**WORK TO COMPLETE:**
Nothing but the lines below from the one that contains "December 16th Plateau" through the one that contains "Der Meditationskissen-Klassiker, extra" should be retyped, exactly and including both ends. Do not include pictures.

**RECORDS SUPPLIED:**

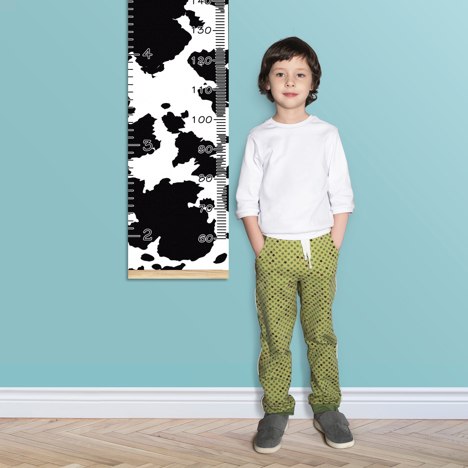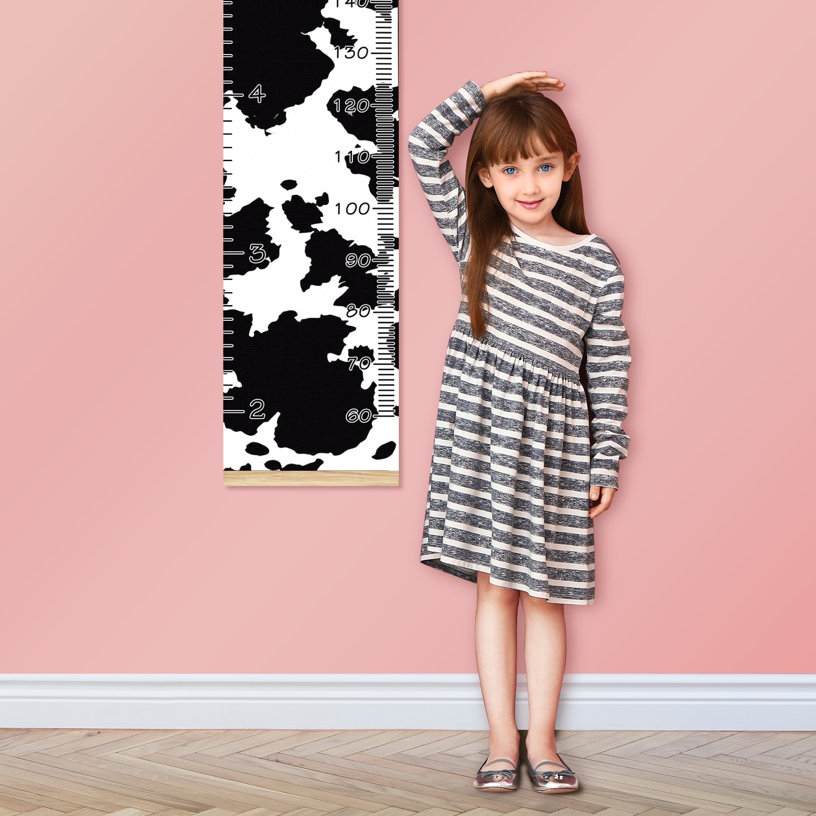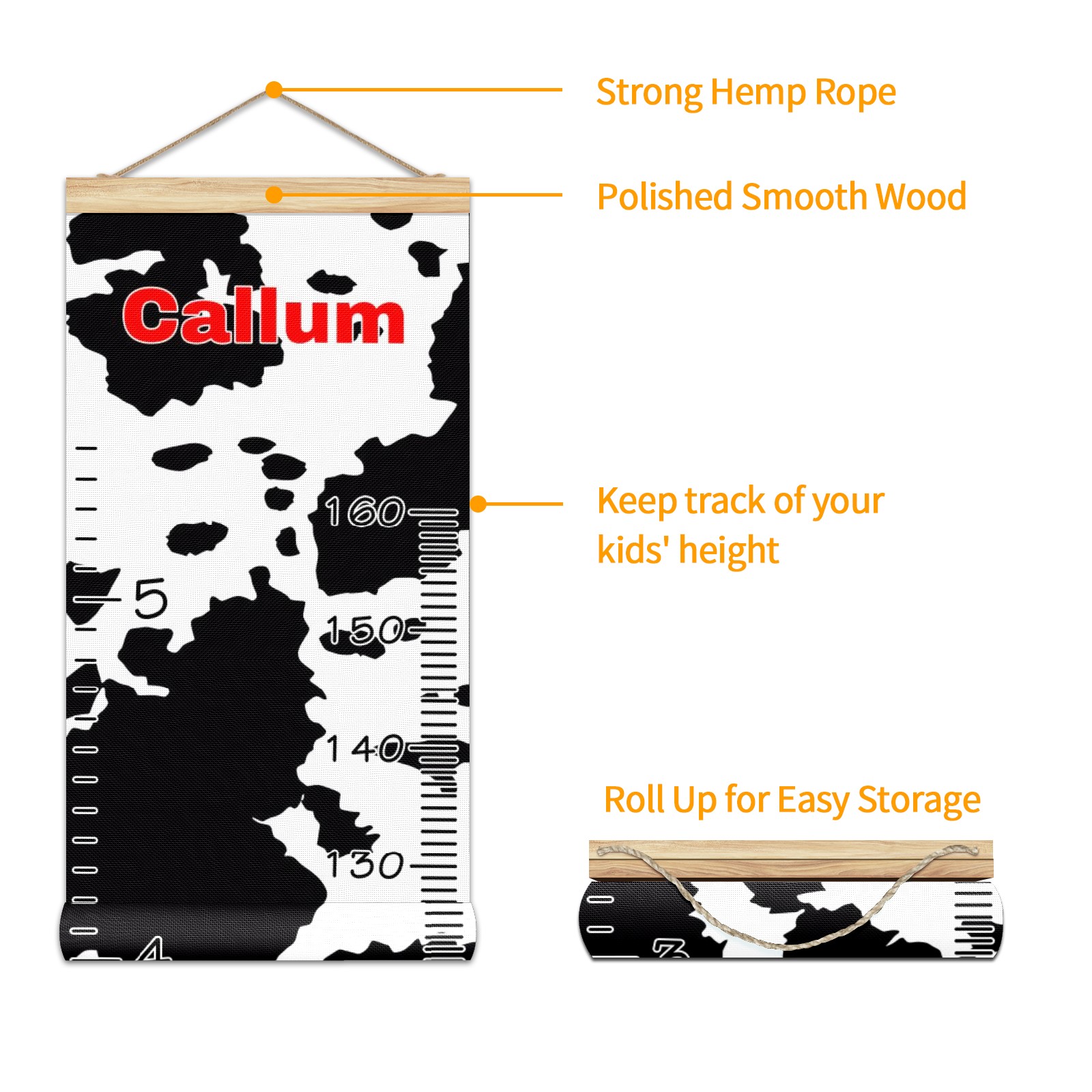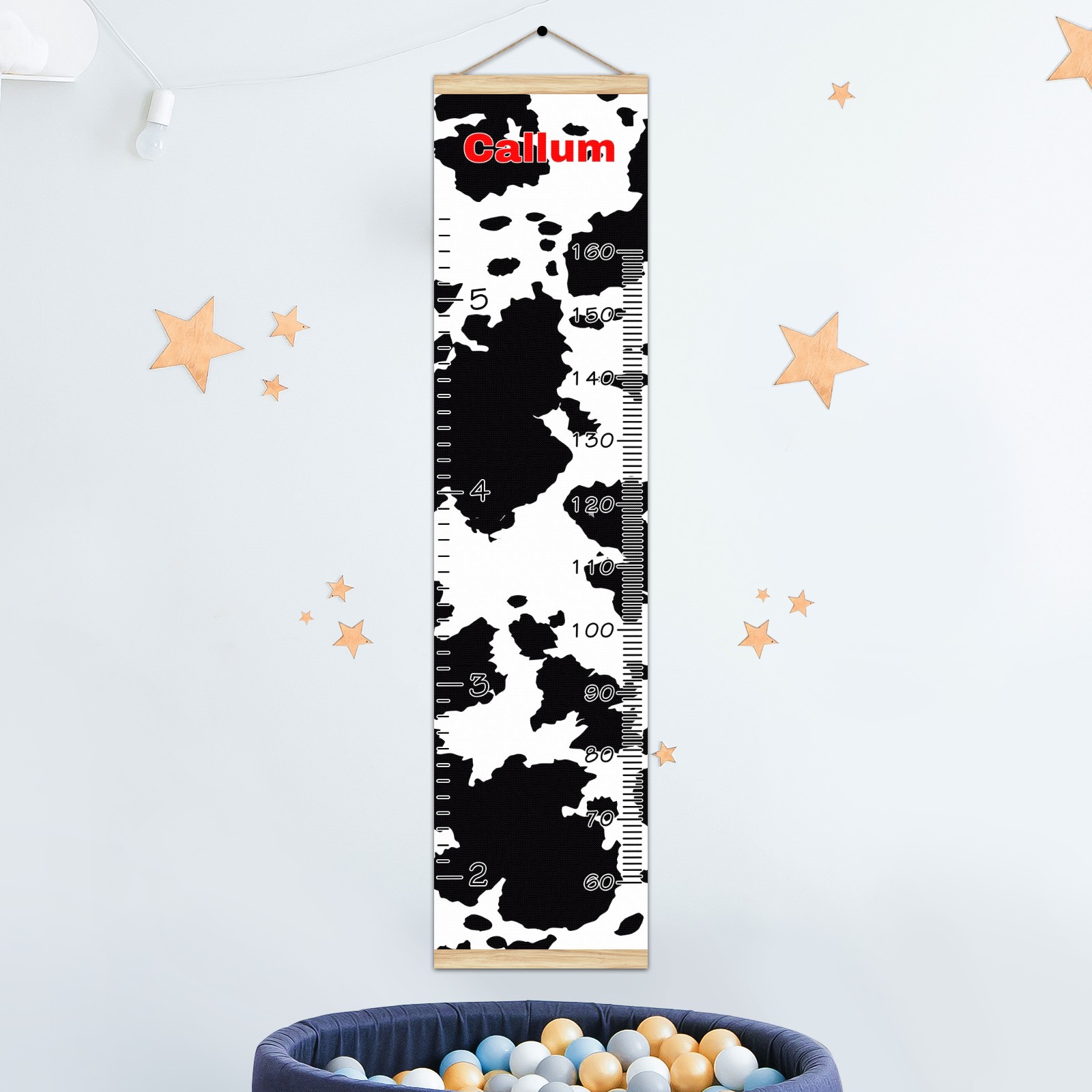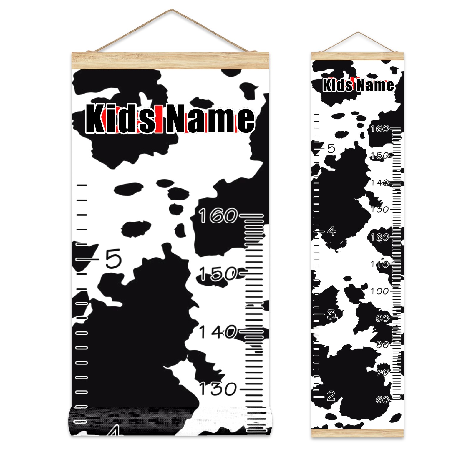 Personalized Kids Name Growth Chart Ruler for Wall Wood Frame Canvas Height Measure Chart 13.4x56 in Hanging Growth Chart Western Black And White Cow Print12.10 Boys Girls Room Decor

---

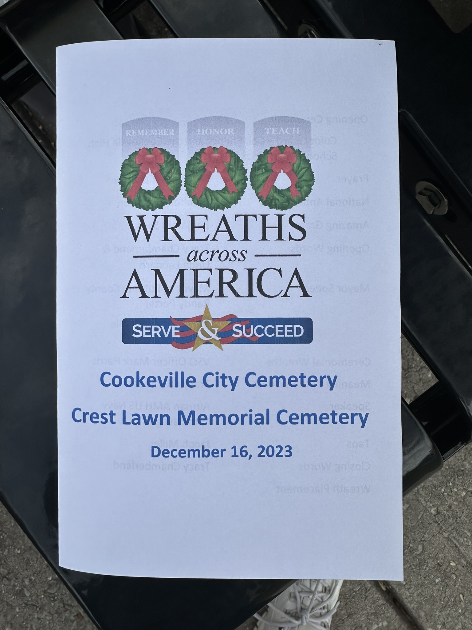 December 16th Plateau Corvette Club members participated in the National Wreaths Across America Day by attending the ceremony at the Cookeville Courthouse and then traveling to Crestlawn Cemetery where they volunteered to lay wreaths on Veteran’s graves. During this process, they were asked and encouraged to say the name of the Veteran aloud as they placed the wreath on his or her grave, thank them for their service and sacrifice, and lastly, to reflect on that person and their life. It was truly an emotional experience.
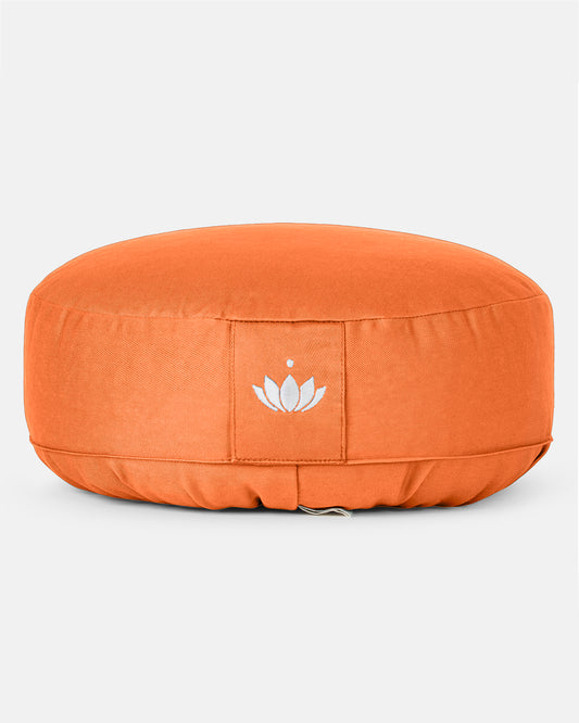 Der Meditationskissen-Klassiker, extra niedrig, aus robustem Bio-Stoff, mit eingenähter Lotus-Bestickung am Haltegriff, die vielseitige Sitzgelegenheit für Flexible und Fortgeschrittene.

--

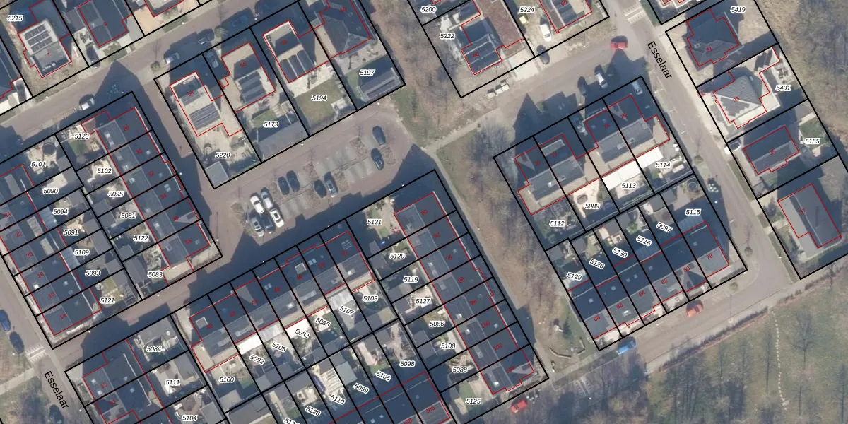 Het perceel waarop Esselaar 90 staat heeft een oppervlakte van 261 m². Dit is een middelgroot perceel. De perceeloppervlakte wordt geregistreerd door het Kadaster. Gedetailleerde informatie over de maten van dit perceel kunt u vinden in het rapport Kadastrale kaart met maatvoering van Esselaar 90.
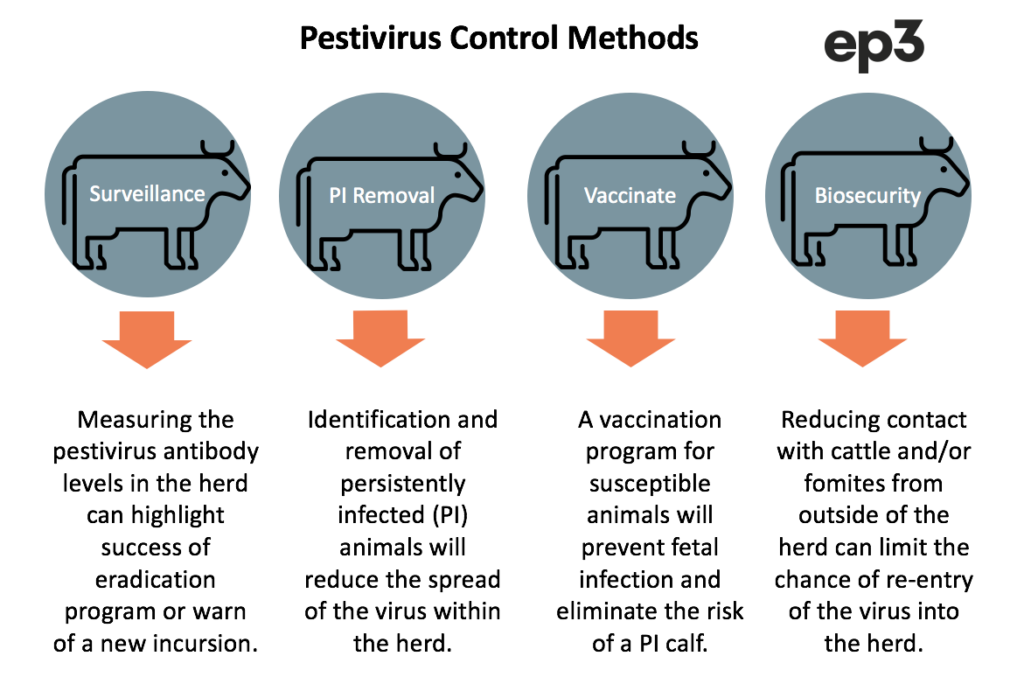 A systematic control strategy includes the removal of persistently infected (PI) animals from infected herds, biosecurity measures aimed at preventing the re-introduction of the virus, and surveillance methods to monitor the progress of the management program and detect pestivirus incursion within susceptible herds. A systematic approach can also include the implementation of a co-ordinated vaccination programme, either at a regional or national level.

**SOLUTION:**
 December 16th Plateau Corvette Club members participated in the National Wreaths Across America Day by attending the ceremony at the Cookeville Courthouse and then traveling to Crestlawn Cemetery where they volunteered to lay wreaths on Veteran’s graves. During this process, they were asked and encouraged to say the name of the Veteran aloud as they placed the wreath on his or her grave, thank them for their service and sacrifice, and lastly, to reflect on that person and their life. It was truly an emotional experience.
 Der Meditationskissen-Klassiker, extra niedrig, aus robustem Bio-Stoff, mit eingenähter Lotus-Bestickung am Haltegriff, die vielseitige Sitzgelegenheit für Flexible und Fortgeschrittene.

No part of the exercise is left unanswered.